Hello everyone!
As part of the RFC “Switching the LLVM dialect and dialect lowerings to opaque-pointers” all in-tree conversion passes are now capable of emitting opaque pointers instead of typed pointers.
This means that all users of MLIR are now able to switch their downstream projects to using opaque-pointers. Since LLVM 17 officially does not support typed pointers anymore it is important for any downstream projects to switch to using opaque pointers.
For immediate source compatiblity, opaque-pointers are currently turned off by default, therefore requiring users to opt-in at the time or writing. Use of opaque-pointers will be turned on by default at a later time however. See timeline at the end of this post.
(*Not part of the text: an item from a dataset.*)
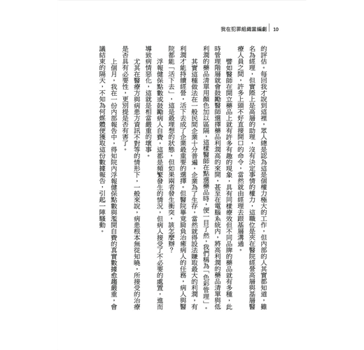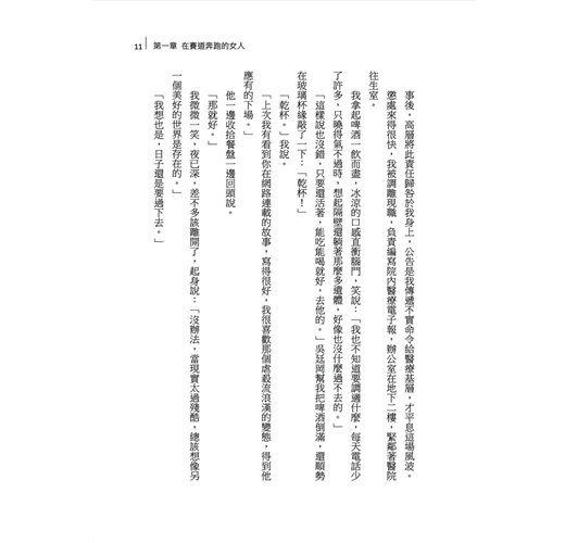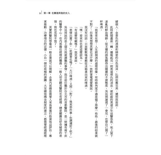 吳廷岡說的是上個月我被調職的事情。我目前任職於台北市的首都醫院,是一間擁有兩千床的醫學中心,在內部擔任經理的職務。一般人初次聽見醫院也有經理,總是顯露出好奇疑惑的表情,我也見怪不怪了。
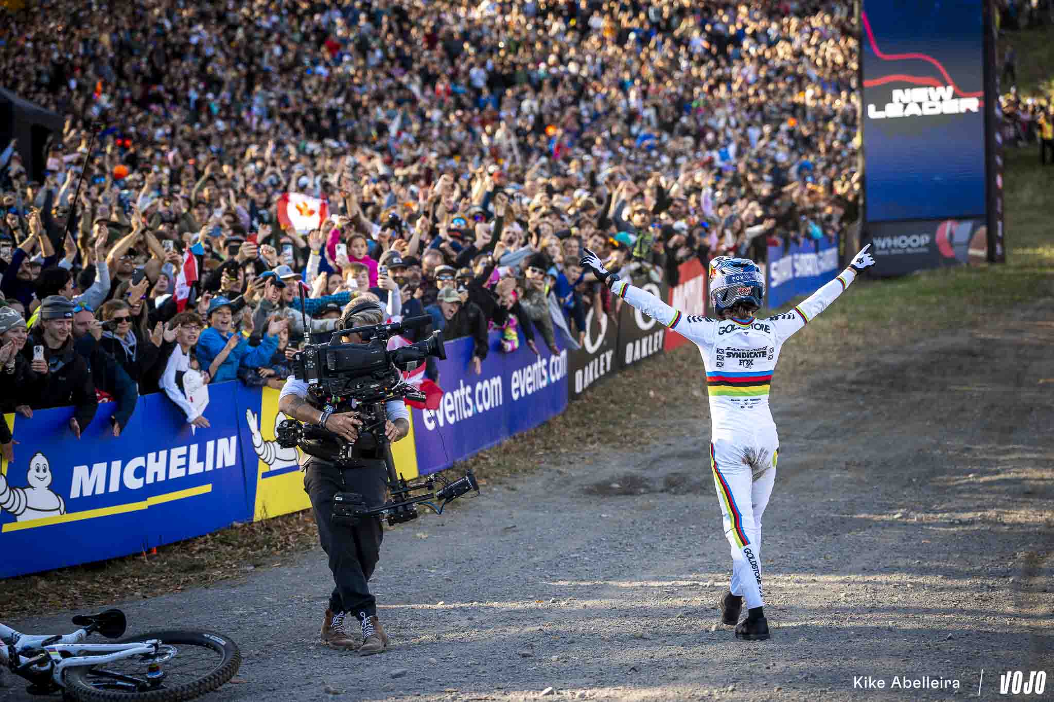 Mont-Sainte-Anne a une nouvelle fois offert un final à la hauteur de sa légende. Sur un terrain impitoyable, la dernière manche de la saison a consacré deux visages familiers : Marine Cabirou, revenue au sommet, et Jackson Goldstone, le jeune prodige canadien qui signe la saison parfaite à domicile, face à un malheureux abandon de Loïc Bruni. Récit :

Migration guide for users of in-tree conversion passes and patterns
All in-tree conversion passes that make use of patterns have a new pass option called use-opaque-pointers. When enabled, it automatically causes the pass and conversion patterns used by the path to emit opaque pointers instead of typed pointers.
Example calling mlir-opt in the testsuite:
// RUN: mlir-opt %s -convert-vector-to-llvm='use-opaque-pointers=1' | FileCheck %s
When adding such a pass in C++ you can enable this option by setting the field useOpaquePointers of the passes option struct to true.
Example making use of a generic enableOpaquePointers lambda:
auto enableOpaquePointers = [](auto options) {
// Enables opaque pointers in any struct with the option.
options.useOpaquePointers = true;
return options;
};
// Creates the passes with the default values for options, except enabling opaque pointers.
// Note: The option struct is auto-generated by TableGen. See
// https://mlir.llvm.org/docs/PassManagement/#declarative-pass-specification for more details.
passManager.addPass(createLowerHostCodeToLLVMPass(
enableOpaquePointers(LowerHostCodeToLLVMPassOptions{})));
passManager.addPass(createConvertSPIRVToLLVMPass(
enableOpaquePointers(ConvertSPIRVToLLVMPassOptions{})));
Users of conversion patterns instead of passes can switch to using opaque pointers through the simple use of a flag in LowerToLLVMOptions, which must then be passed to the LLVMTypeConverter. All in-tree conversion patterns will automatically emit opaque-pointers when the LLVMTypeConverter they were constructed with has the option enabled.
Example configuring the LLVMTypeConverter:
LowerToLLVMOptions options(&getContext());
// Enables the use of opaque pointers.
options.useOpaquePointers = true;
// Don't forget to construct the `LLVMTypeConverter` using `options`!
LLVMTypeConverter converter(&getContext(), options);
// The patterns in `FinalizeMemRefToLLVM` will now emit opaque-pointers.
populateFinalizeMemRefToLLVMConversionPatterns(converter, patterns);
“I only make use of in-tree conversion passes, can I just wait for the default to be switched?”
I’d highly encourage you to enable opaque pointers within your pass pipeline as soon as possible to find any regressions as fast as possible. Ideally you should not notice any difference when turning on opaque pointers (except when dumping the IR).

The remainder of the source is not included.